Another fruity element that works well in vermouth is rhubarb (Rheum rhabarbarum). Apart from use in vermouth it shares another feature with wormwood and cinchona — it was once a very popular medicinal plant. Rhubarb featured in Chinese medicine for thousands of years, and in 19th-century Britain it was one of the most frequently used medicinal plants. Distillers are better off using the stalks for the fruity flavor than the roots that were deployed for their purgative effect. Rose hips, the fruits of roses such as Japanese rose (Rosa rugosa), are another fruity botanical, which can be easily dried for a year-round supply and production schedule.

Spices are also used to enliven vermouths. Most spices in trade originate from the Old World of Europe, Africa and Asia. Only a few spices originate from the New World (i.e., the Americas), one of which is allspice (Pimenta dioica), native to Central America and the Caribbean. Its name is entirely descriptive of its flavor — allspice tastes like a blend of spices, making it an excellent botanical that provides more complexity than most individual plants. An excellent spicy plant native to North America whose name is also an aptronym is spicebush (Lindera benzoin). Like allspice, its berries have a warm, spicy taste.
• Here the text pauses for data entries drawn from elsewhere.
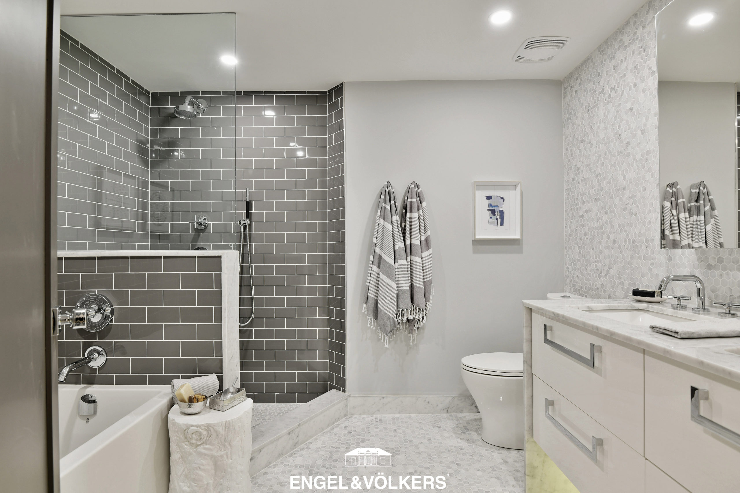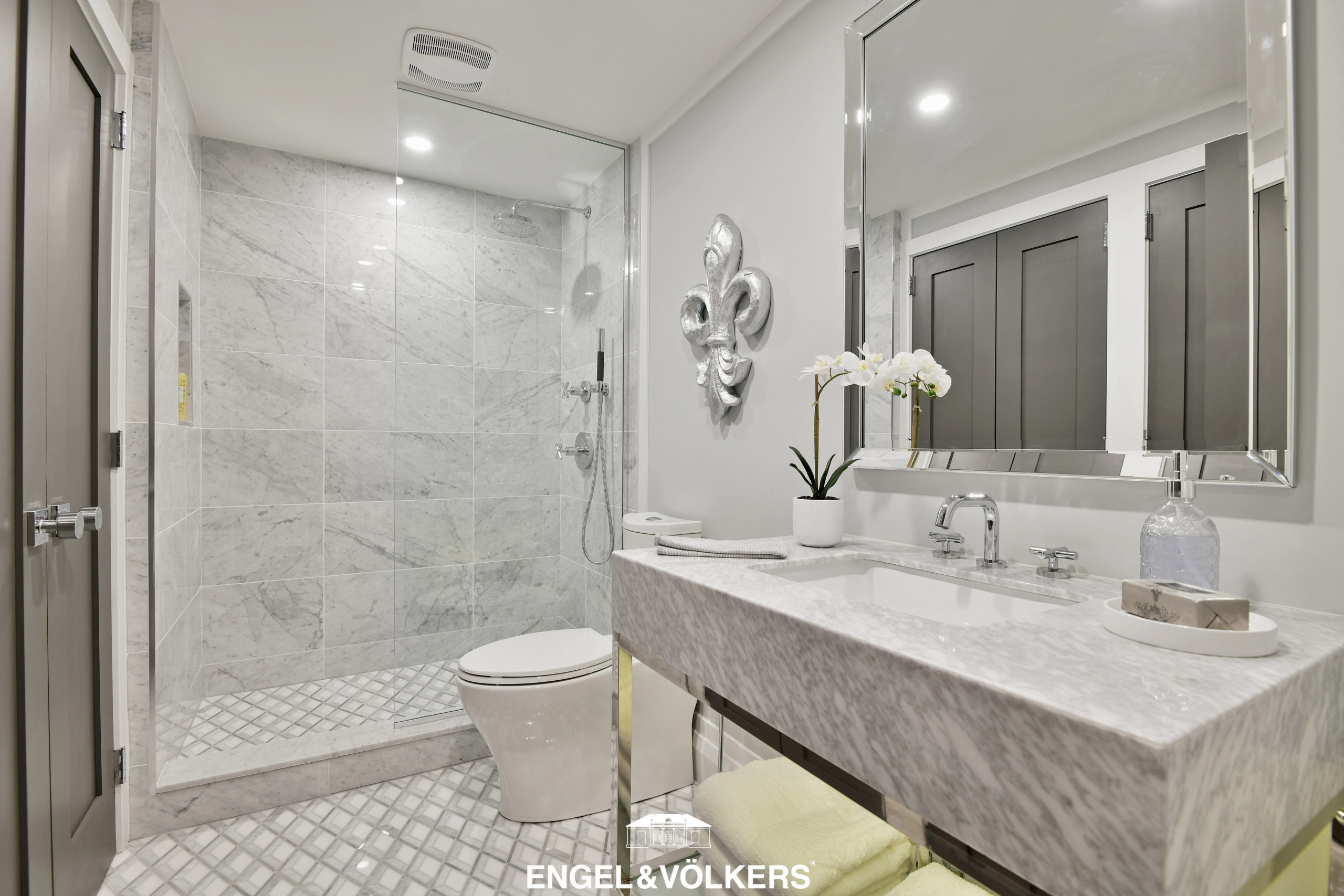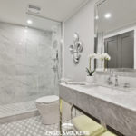 A den/library is tucked away and allows for privacy and quiet moments. The sleeping quarters are accented with the same level of detail with glossy customized cabinets that provide organized storage, and the luxe main bath that boasts lots of storage for linens and has been detailed with classically intricate heated marble floors, glass shower enclosure, and marble vanity with open shelving.
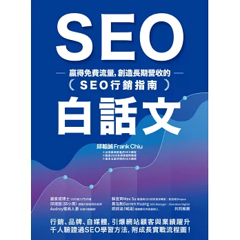 「Frank 的 SEO 白話文在網路上早已是眾多 SEO 學習者必看的網站,現在他花了一年多的時間將知識整理成書,勢必是你實體書架或電子書架必備書籍」——網路行銷老師的老師 邱煜庭(邱小黑)
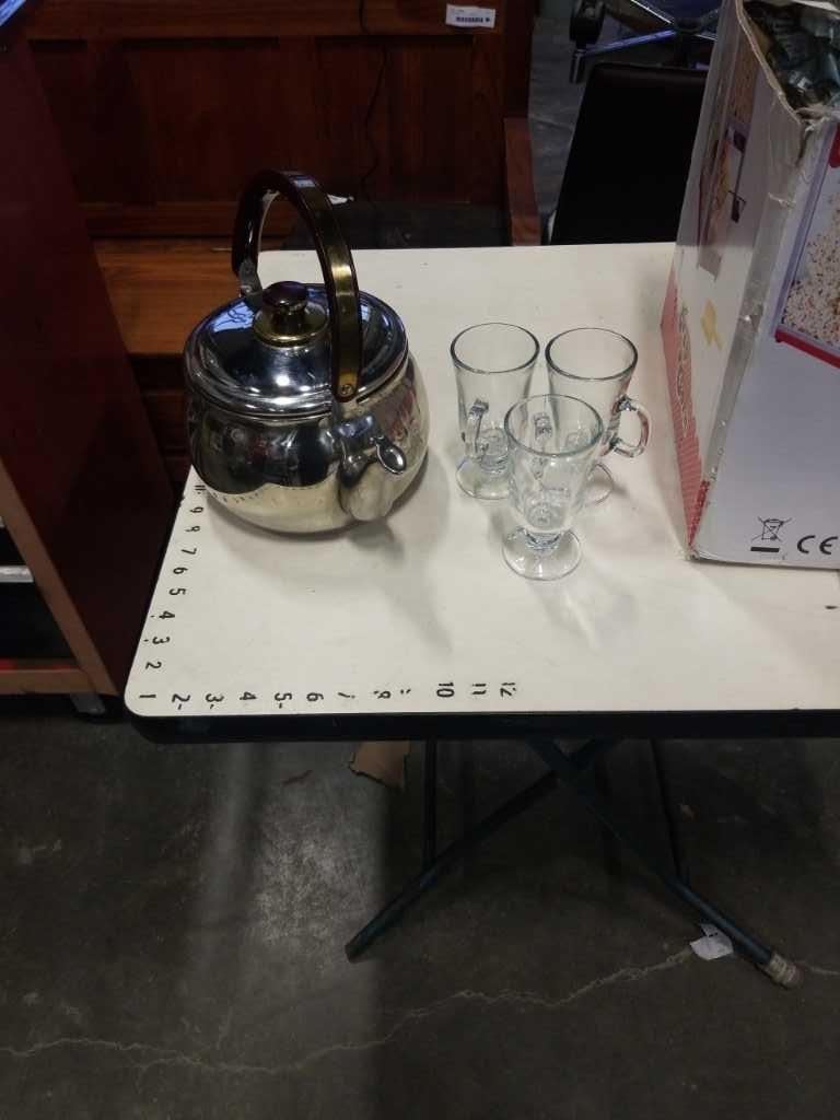 METAL TEAPOT, GLASS MUGS, GLASS CREAM AND SUGAR

Vermouth makers can create batches in response to local gluts, which can be a cost-effective and environmentally conscious method of production. This foregoes a consistent taste from batch to batch, but contemporary consumers are increasingly happy to make purchases trusting the skill and taste buds of producers to create something they will like. Vermouth can also be made in response to the terroir of a producer. Allowing landscape to dictate the plants that naturally grow wild, and the flavors of plants cultivated, casts vermouth producers as curators of local flavor, an excellent way of capturing a taste of place in a bottle.